After returning to Sisters in 1997, Josie became involved with the Starry Nights Benefit Concert Series, making coats for the visiting artists and their children. Starry Nights debuted in 1997 and has been a major source of funding for the Sisters Schools Foundation.

When the recession hit in 2008, Josie decided it was time to return to school for further education. She attended COCC for two years, focusing on marketing and business. During that time, she and Jim divorced, but have remained good friends to this day.

While working at Bedouin, Josie drove back and forth to Portland to attend classes at Portland State University, studying women in business, conflict resolution, and sustainability, receiving her bachelor’s degree in 2015. Rather than attending the formal graduation ceremony in Portland, Josie held her own here in Sisters with friends and family in attendance. She received her diploma from her daughter, Delaney, decked in her bathrobe as her graduation gown. Her speech was about always embracing the moment and making it work.

Josie has been involved with 10 Friends, a Sisters nonprofit that assists and empowers young women, children, and communities in Nepal, one of the poorest countries in the world. Josie’s son Ryley went to Nepal after graduating from Sisters High School with Rand Runco, a Sisters teacher and co-founder of 10 Friends.
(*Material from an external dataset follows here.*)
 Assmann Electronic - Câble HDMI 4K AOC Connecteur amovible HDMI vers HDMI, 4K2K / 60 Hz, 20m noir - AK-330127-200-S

Delaney has attended all their meetings with her mom and has been gifted a trip by Runco and Mark LaMont, 10 Friends board members, to visit Nepal and see the work being done there by the nonprofit.
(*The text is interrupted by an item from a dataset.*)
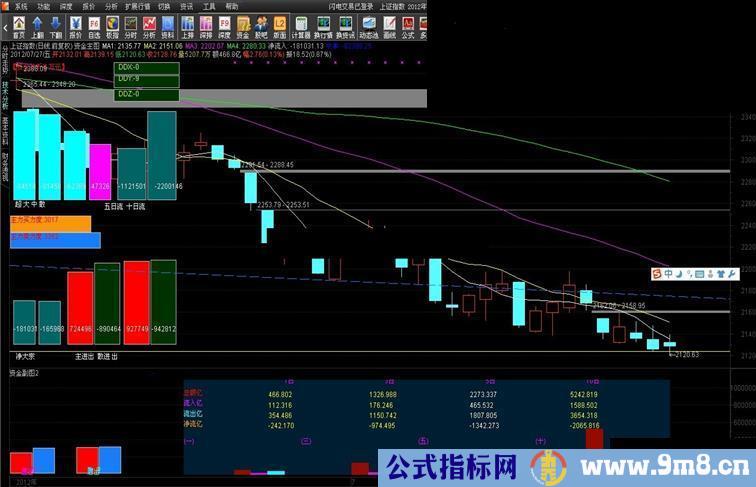 DRAWTEXT(CURRBARSCOUNT=30,画*0.64,'流出亿'),COLORCYAN;

Delaney will be graduating from Oregon State University School of Forestry after the fall 2022 term. She will be following in the footsteps of her grandfather, who started the “Keep Oregon Green” campaign.

When the new Habitat for Humanity Thrift Store opened, Josie served as manager, strengthening the volunteer program for the people who worked in the shop.

Right before COVID hit, Josie moved to Vermont and worked for an agency that assisted seniors who were aging at home. She did everything from making COVID masks to running the food bank. She had always wanted to experience Vermont, as that is where her grandparents were from.

Upon her return to Sisters, the position with C4C became available and a number of locals encouraged Josie to apply, saying she would be a good fit. The C4C board concurred.

Josie is most excited to continue building connections through various C4C projects and programs and “honor what every person brings to the community.”

She shared that, since taking the position, she has received numerous texts and phone calls from friends saying they couldn’t imagine a better-fitting position for her.

Newport hopes to grow personally and professionally in her executive director position, while growing C4C.

“I look forward to being mentored by those who have more nonprofit experience,” she said.